As Jessica and my son, Daniel, grew, adventure was everywhere on the farm – often with disaster following closely behind. Trees to climb, rogue geese to fend, dogs to be wary of… and that’s on top of the snakes, spiders and the odd scorpion. It seems everything out our way either wants to sting, bite, kill or eat you, and I suppose that’s the richness of nature.
I reckon kids need to experience the richness of life to learn for themselves what works and what doesn’t – just as long as someone’s around to prevent them from making monumental mistakes that are difficult to recover from. Like playing with snakes on the railway tracks. Or at least, be there to pick them up and dry them off after they fall into something really bad, like an open sewer.

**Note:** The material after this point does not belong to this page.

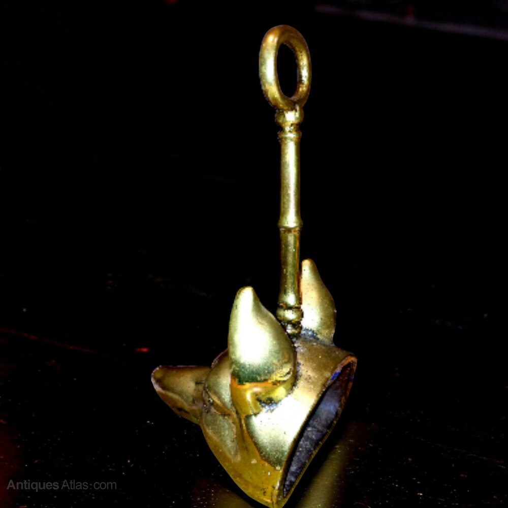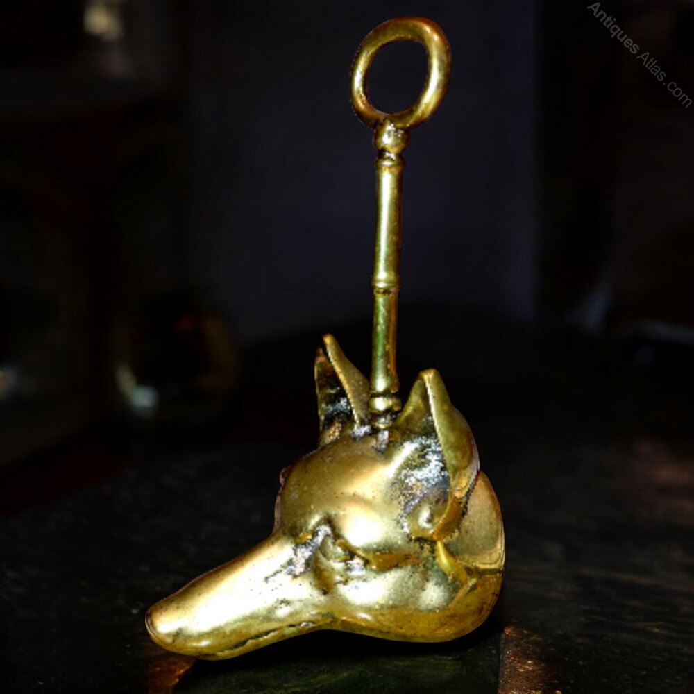 An Antique Victorian fox head doorstop. English in origin Country House door porter dating to the late 19th century c.1880. Unusually with a shorter handle than most but with a large heavy charming head. Weighing 3.6 kilos. Retaining its original finish and patina. 11" tall x 5" wide x 6 1/2" deep. Very prominent snout with large ears showing great character.

And no one can prove it ever happened as I’ve subsequently paid off all the witnesses and vow a horrible vengeance if my brother ever talks about it. Besides, I’ve got plenty on him.
One of those lessons I find poignantly useful in life is to put myself in the other person’s shoes. This pearl of wisdom is one I didn’t use nearly enough with my kids. Really, all young un’s want is to have a safe and happy house, a loving family who takes an interest in them, good mates, huge dinners, a bit of fun on the side, a dash of adventure thrown in and something to break – just like I was. And am. But if they do accidentally break something, isn’t it better they break something material rather than having the trust between father and child scolded or beaten out of them?
When I went through depression in my late 40s, my counselor asked about my relationship with my father. “Was I always trying to live up to my father’s expectations?” She was shocked to find that, no, I strive because I wanted my father to be proud of me and make no mistake, he was. My father made no
over-the-top demands, he never unreasonably pushed me and he never, never expressed disappointment in me. My father was a great dad, unlike his dad who used to tell him he was the greatest disappointment in his life. My point is that these positive or negative reinforcements start early in the life of a child and they quickly become habitual.
Never forget that your children are a miniature version of you. With this in mind, I suppose it’s a lot easier to strike a great relationship with your children when you resonate with your child. That’s when you really connect by naturally liking the same things, but this gets tricky when you’re both not on the same level. How to overcome this?
Just look, listen, take notice and make them feel important. Encourage your children to ask you questions, to communicate in an open way without fear of ridicule or a sharp, terse response. If they do become fearful of you by way of physical or mental abuse, then all is lost.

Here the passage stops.